The Supreme Court’s docket this year has two cases that will require the Court to confront a thorny challenge of modern life–to adapt (or not) to the novel realities of today’s communication technologies.
Given the fact that at least five of the Justices cling to the fantasy that they are living in the 1800s, I’m not holding my breath.
The cases I’m referencing are two that challenge Section 230, social media’s “safe space.”
As Time Magazine explained on February 19th,
The future of the federal law that protects online platforms from liability for content uploaded on their site is up in the air as the Supreme Court is set to hear two cases that could change the internet this week.
The first case, Gonzalez v. Google, which is set to be heard on Tuesday, argues that YouTube’s algorithm helped ISIS post videos and recruit members —making online platforms directly and secondarily liable for the 2015 Paris attacks that killed 130 people, including 23-year-old American college student Nohemi Gonzalez. Gonzalez’s parents and other deceased victims’ families are seeking damages related to the Anti-Terrorism Act.
Oral arguments for Twitter v. Taamneh—a case that makes similar arguments against Google, Twitter, and Facebook—centers around another ISIS terrorist attack that killed 29 people in Istanbul, Turkey, will be heard on Wednesday.
The cases will decide whether online platforms can be held liable for the targeted advertisements or algorithmic content spread on their platforms.
Re-read that last sentence, because it accurately reports the question the Court must address. Much of the media coverage of these cases misstates that question. These cases are not about determining whether the platforms can be held responsible for posts by the individuals who upload them. The issue is whether they can be held responsible for the algorithms that promote those posts–algorithms that the platforms themselves developed.
Section 230, which passed in 1996, is a part of the Communications Decency Act.
The law explicitly states, “No provider or user of an interactive computer service shall be treated as the publisher or speaker of any information provided by another information content provider,” meaning online platforms are not responsible for the content a user may post.
Google argues that websites like YouTube cannot be held liable as the “publisher or speaker” of the content users created, because Google does not have the capacity to screen “all third-party content for illegal or tortious materia.l” The company also argues that “the threat of liability could prompt sweeping restrictions on online activity.”
It’s one thing to insulate tech platforms from liability for what users post–it’s another to allow them free reign to select and/or promote certain content–which is what their algorithms do. In recognition of that distinction, in 2021, Senators Amy Klobuchar and Ben Ray Lujan introduced a bill that would remove tech companies’ immunity from lawsuits if their algorithms promoted health misinformation.

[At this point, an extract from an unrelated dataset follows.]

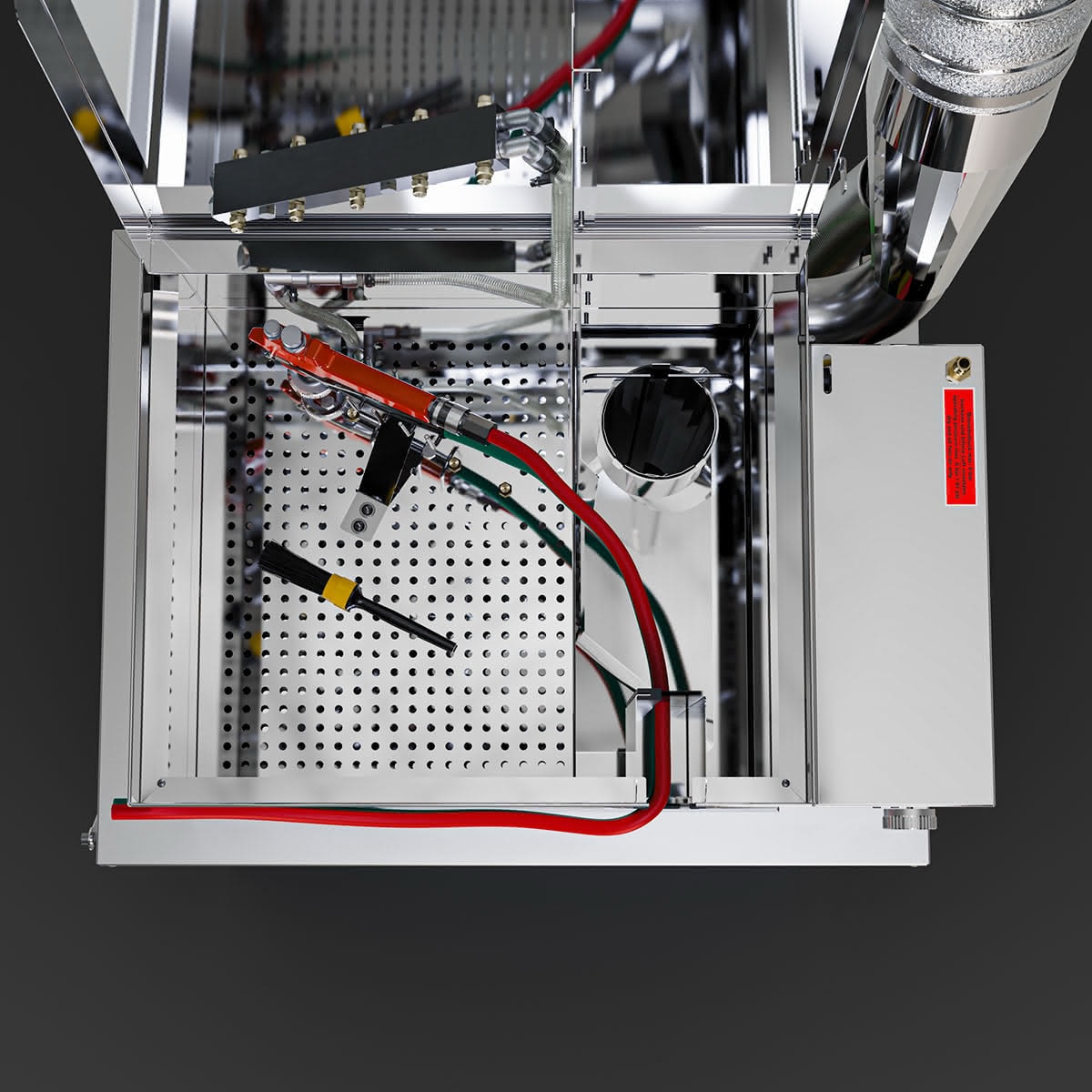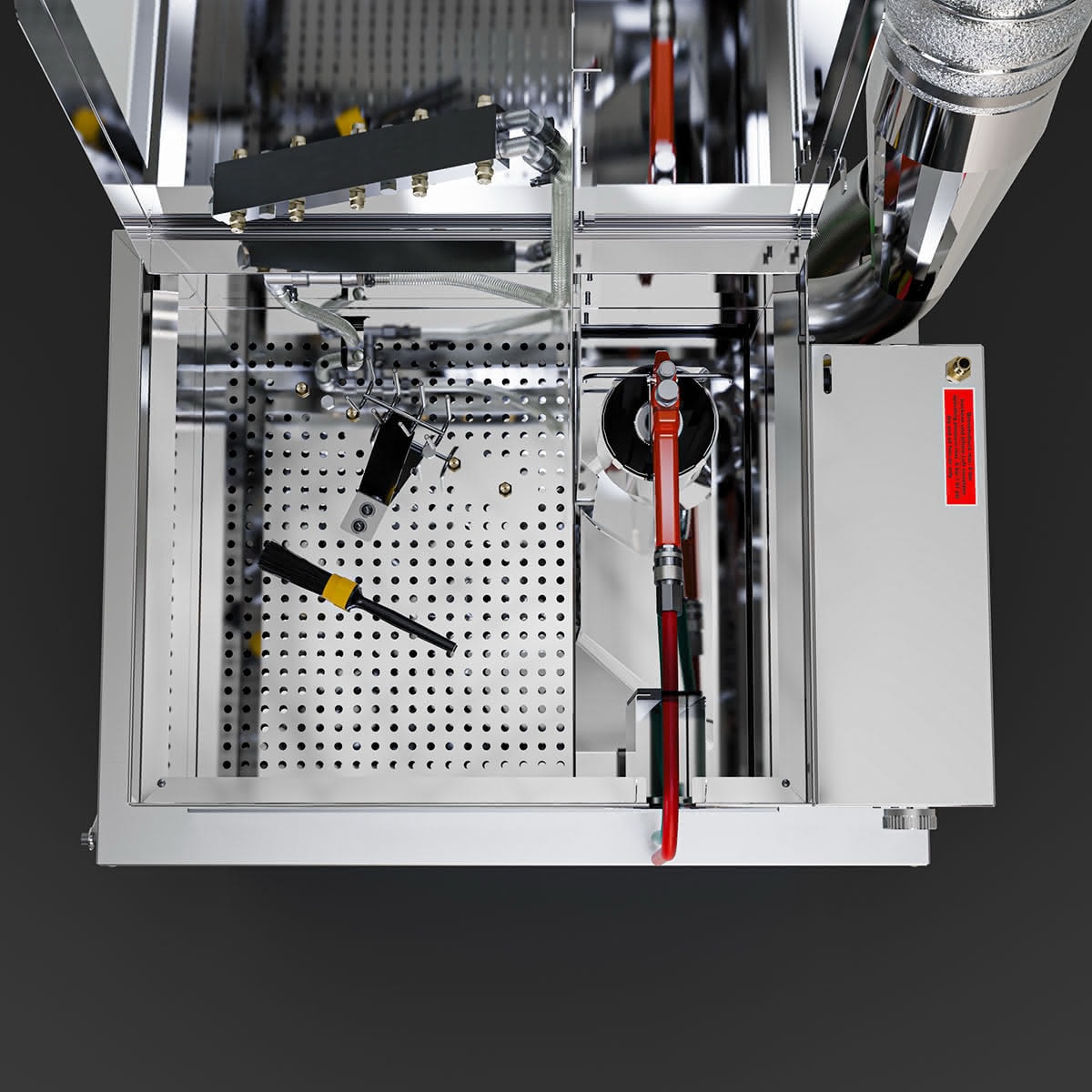 Das Ausblasen und Durchspülen der Materialschläuche wird bei laufender Absaugung im offenen Gerät durchgeführt – ATEX konform und frei von Overspray.
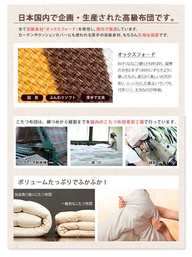 材質:天板-天然木化粧繊維板(楢柾目)、脚-天然木(ラバーウッド)、ウレタン塗装 こたつ布団(表地・裏地)-綿100%

As a tech journalist wrote in a NYT opinion essay,
The law, created when the number of websites could be counted in the thousands, was designed to protect early internet companies from libel lawsuits when their users inevitably slandered one another on online bulletin boards and chat rooms. But since then, as the technology evolved to billions of websites and services that are essential to our daily lives, courts and corporations have expanded it into an all-purpose legal shield that has acted similarly to the qualified immunity doctrine that often protects policeofficers from liability even for violence and killing.
As a journalist who has been covering the harms inflicted by technology for decades, I have watched how tech companies wield Section 230 to protect themselves against a wide array of allegations, including facilitating deadly drug sales, sexual harassment, illegal arms sales and human trafficking — behavior that they would have likely been held liable for in an offline context….
There is a way to keep internet content freewheeling while revoking tech’s get-out-of-jail-free card: drawing a distinction between speech and conduct.
In other words, continue to offer tech platforms immunity for the defamation cases that Congress had in mind when Section 230 passed, but impose liability for illegal conduct that their own technology enables and/or promotes. (For example, the author confirmed that advertisers could easily use Facebook’s ad targeting algorithms to violate the Fair Housing Act.)
Arguably, the creation of an algorithm is an action–not the expression or communication of an opinion or idea. When that algorithm demonstrably encourages and/or facilitates illegal behavior, its creator ought to be held liable.
It’s like that TV auto ad that proclaims “this isn’t your father’s Oldsmobile.” The Internet isn’t your mother’s newspaper, either. Some significant challenges come along with the multiple benefits of modernity– how to protect free speech without encouraging the barbarians at the gate is one of them.